TLDR: A novel word association network methodology evaluates implicit biases in LLMs by simulating semantic priming, allowing direct comparison with human cognition. The study reveals both convergences and divergences in biases related to gender, religion, ethnicity, sexual orientation, and political party across humans and LLMs like Mistral, Llama3, and Haiku. This approach offers a transparent and scalable framework for understanding and addressing AI biases.

Large Language Models (LLMs) are becoming increasingly integrated into our daily lives, from writing emails to assisting in critical decision-making. However, a significant concern remains: their inherent social biases. These biases are often implicit, meaning they are subtle and not always obvious, making them challenging to detect and evaluate. A new research paper introduces a novel approach to tackle this problem by evaluating implicit biases in LLMs and directly comparing them to human biases. This methodology offers a systematic, scalable, and generalizable framework for understanding how LLMs align with human cognition.

The research, titled “A word association network methodology for evaluating implicit biases in LLMs compared to humans” by Katherine Abramski, Giulio Rossetti, and Massimo Stella, proposes a method based on simulating semantic priming within LLM-generated word association networks. This prompt-based technique delves into the hidden relational structures within LLMs, providing both quantitative measurements and qualitative insights into bias. Unlike many existing evaluation methods, this approach allows for direct comparisons between various LLMs (Mistral, Llama3, and Haiku were used in this study) and humans, offering a valuable benchmark.

Understanding the Methodology

The core of this innovative methodology lies in three main steps:

1. Network Construction: This involves building ‘word association networks’ from free association norms. For humans, the Small World of Words (SWOW) dataset is used, while for LLMs, the LLM World of Words (LWOW) dataset is employed. These networks represent the implicit knowledge of concepts held by both humans and machines. In these networks, words are nodes, and connections (edges) represent how strongly words are associated, based on how frequently one word is given as a response to another.

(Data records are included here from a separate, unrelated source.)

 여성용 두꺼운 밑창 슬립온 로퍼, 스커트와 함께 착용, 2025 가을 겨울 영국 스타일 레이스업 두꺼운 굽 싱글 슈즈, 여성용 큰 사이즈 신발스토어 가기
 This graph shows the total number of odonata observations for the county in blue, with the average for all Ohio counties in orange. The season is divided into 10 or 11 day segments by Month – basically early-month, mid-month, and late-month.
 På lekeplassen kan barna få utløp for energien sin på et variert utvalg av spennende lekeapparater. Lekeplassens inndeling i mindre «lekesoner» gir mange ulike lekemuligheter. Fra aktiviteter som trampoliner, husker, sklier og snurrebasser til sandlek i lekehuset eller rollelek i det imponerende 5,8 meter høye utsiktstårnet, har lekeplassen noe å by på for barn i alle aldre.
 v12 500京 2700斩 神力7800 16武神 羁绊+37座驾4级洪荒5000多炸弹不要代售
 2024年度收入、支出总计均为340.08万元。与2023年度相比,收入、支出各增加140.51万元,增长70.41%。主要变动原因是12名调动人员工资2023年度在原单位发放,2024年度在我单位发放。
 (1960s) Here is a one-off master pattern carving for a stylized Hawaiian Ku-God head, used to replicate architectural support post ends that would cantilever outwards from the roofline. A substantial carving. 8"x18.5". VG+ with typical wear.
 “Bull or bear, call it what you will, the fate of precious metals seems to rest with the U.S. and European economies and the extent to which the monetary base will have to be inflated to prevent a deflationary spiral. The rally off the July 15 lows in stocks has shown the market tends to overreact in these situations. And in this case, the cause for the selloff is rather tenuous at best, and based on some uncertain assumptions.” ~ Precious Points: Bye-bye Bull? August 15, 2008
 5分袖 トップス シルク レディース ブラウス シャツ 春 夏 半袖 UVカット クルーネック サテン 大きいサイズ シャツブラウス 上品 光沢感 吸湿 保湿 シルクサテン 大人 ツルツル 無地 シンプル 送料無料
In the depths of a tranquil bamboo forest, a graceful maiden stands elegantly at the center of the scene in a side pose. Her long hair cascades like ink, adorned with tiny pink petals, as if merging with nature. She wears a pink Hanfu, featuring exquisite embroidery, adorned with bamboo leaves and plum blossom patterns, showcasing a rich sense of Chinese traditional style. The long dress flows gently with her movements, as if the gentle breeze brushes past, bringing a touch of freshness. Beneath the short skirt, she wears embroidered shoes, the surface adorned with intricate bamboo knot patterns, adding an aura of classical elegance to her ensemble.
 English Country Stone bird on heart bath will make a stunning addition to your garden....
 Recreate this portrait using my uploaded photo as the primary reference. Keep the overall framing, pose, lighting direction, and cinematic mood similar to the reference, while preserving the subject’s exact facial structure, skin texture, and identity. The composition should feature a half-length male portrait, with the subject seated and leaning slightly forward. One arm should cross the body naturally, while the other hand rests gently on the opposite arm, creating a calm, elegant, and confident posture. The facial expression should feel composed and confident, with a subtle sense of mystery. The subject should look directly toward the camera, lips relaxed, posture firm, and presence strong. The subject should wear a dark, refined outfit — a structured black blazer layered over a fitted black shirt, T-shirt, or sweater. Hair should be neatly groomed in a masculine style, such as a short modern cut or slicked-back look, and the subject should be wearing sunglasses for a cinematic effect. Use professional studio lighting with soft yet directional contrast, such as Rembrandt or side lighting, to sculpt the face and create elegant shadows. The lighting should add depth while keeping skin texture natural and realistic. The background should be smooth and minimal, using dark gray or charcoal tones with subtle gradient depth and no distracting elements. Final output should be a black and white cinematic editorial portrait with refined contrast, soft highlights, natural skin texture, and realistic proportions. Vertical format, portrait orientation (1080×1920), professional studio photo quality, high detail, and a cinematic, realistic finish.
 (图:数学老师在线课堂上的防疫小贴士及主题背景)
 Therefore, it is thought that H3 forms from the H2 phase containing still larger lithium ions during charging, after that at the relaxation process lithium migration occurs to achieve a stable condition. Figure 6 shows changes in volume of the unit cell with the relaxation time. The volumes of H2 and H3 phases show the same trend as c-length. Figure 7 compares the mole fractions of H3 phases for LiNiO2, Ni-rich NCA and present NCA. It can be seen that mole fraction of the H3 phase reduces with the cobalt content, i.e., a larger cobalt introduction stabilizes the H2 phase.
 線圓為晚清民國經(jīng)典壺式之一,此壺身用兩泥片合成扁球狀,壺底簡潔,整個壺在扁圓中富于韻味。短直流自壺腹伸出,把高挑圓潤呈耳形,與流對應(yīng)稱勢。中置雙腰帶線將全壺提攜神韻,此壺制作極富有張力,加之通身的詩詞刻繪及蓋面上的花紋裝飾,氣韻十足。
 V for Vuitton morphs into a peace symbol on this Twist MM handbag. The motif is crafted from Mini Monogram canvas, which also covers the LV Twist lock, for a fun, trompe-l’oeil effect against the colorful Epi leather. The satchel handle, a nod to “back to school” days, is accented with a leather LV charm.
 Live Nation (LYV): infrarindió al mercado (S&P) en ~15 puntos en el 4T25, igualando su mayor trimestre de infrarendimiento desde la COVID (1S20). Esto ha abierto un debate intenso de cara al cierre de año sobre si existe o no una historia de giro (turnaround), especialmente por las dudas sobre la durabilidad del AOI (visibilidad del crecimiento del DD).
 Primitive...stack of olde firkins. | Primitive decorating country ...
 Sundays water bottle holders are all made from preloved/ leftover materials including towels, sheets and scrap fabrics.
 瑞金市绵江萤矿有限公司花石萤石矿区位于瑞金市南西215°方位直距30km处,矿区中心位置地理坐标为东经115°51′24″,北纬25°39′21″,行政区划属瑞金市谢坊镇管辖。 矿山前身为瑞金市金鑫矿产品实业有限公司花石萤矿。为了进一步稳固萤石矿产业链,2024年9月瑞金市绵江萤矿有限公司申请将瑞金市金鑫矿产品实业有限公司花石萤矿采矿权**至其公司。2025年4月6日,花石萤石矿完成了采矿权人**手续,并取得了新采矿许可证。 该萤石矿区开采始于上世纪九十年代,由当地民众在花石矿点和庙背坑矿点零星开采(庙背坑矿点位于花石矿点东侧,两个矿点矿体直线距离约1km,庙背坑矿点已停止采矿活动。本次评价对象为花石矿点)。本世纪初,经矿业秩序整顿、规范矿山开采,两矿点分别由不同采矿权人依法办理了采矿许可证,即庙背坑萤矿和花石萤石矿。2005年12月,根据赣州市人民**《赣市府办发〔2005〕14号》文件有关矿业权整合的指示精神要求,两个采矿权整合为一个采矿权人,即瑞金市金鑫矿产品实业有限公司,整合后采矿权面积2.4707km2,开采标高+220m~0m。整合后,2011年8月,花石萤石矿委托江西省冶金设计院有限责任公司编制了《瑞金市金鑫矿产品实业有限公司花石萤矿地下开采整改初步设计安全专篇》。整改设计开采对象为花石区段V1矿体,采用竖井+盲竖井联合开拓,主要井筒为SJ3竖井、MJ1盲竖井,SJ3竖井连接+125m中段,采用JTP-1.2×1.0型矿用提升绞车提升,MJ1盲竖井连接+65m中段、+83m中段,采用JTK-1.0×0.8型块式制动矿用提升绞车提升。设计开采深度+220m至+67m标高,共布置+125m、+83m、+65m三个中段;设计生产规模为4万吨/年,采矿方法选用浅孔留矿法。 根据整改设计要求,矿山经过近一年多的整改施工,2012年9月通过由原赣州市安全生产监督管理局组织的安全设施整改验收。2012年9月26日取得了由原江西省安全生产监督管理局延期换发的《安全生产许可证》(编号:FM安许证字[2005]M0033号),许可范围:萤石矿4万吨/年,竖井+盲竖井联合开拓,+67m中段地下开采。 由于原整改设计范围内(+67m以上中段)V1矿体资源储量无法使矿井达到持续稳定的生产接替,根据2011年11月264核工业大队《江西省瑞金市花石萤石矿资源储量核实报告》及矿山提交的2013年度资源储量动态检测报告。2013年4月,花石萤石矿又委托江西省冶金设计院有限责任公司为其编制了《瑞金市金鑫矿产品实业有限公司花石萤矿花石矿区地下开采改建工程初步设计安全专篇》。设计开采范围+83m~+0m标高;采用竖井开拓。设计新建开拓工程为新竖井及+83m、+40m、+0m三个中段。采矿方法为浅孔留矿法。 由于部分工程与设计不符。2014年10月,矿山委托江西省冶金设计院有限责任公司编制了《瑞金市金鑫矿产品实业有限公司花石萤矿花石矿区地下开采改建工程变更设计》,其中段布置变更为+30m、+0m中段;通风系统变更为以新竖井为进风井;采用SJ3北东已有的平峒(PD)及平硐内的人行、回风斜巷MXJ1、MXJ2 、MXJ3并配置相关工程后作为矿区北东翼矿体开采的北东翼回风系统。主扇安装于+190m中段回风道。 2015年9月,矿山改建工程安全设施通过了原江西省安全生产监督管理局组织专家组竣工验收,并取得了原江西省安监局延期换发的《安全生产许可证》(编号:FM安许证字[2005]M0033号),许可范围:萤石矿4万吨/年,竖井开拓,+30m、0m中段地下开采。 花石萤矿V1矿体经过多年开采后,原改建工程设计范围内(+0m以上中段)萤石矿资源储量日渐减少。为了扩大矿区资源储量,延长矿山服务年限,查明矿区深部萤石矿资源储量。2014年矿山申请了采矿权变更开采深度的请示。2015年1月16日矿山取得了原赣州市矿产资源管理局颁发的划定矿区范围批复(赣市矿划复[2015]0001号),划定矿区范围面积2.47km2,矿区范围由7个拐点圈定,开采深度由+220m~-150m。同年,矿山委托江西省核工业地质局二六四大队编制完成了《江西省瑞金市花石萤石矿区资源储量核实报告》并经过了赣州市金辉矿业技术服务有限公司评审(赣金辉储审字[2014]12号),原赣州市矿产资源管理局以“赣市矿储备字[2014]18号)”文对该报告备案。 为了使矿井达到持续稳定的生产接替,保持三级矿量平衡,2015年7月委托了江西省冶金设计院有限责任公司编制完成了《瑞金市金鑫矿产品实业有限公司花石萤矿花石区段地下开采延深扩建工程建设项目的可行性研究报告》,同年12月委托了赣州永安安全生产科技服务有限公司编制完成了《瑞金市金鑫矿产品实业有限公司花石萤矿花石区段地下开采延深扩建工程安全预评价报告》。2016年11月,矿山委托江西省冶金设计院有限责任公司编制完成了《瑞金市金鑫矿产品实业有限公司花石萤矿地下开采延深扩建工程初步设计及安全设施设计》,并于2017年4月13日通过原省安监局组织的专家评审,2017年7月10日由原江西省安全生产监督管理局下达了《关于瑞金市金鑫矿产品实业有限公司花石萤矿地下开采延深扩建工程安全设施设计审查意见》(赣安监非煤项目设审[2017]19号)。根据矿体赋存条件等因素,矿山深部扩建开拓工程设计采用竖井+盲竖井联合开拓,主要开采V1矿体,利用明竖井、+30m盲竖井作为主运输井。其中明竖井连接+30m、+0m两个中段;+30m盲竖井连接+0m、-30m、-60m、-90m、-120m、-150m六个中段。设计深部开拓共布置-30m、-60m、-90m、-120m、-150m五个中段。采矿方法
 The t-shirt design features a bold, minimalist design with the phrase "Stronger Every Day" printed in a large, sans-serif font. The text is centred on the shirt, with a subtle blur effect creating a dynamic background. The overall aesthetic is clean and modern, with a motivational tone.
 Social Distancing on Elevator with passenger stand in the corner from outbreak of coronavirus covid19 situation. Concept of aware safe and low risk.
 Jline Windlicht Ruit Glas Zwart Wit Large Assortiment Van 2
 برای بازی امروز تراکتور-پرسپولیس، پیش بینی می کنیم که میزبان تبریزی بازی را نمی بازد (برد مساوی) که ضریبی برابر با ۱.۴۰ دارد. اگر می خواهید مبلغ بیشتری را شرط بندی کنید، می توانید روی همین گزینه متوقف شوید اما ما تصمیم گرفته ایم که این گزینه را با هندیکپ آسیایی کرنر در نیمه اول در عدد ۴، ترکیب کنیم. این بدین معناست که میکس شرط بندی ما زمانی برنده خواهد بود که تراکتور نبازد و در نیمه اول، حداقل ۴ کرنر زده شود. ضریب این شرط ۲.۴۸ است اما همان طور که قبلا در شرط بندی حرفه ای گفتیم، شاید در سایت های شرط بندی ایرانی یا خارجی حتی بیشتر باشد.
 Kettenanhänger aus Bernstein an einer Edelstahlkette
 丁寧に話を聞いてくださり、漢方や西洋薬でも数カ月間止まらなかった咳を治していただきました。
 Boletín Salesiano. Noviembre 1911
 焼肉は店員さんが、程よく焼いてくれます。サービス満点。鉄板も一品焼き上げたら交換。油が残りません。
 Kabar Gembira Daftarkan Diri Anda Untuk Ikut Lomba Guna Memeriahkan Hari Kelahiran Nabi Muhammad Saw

2. Spreading Activation: Once the networks are built, specific ‘prime nodes’ (words related to social identities like gender, religion, or political party) are activated. This simulates semantic priming, a cognitive phenomenon where exposure to one concept makes a related concept easier to access. As activation spreads through the network, the final activation levels of other words (target nodes) indicate how strongly they are associated with the initial prime. This process generates a matrix showing the strength of association between prime words and all other words in the network.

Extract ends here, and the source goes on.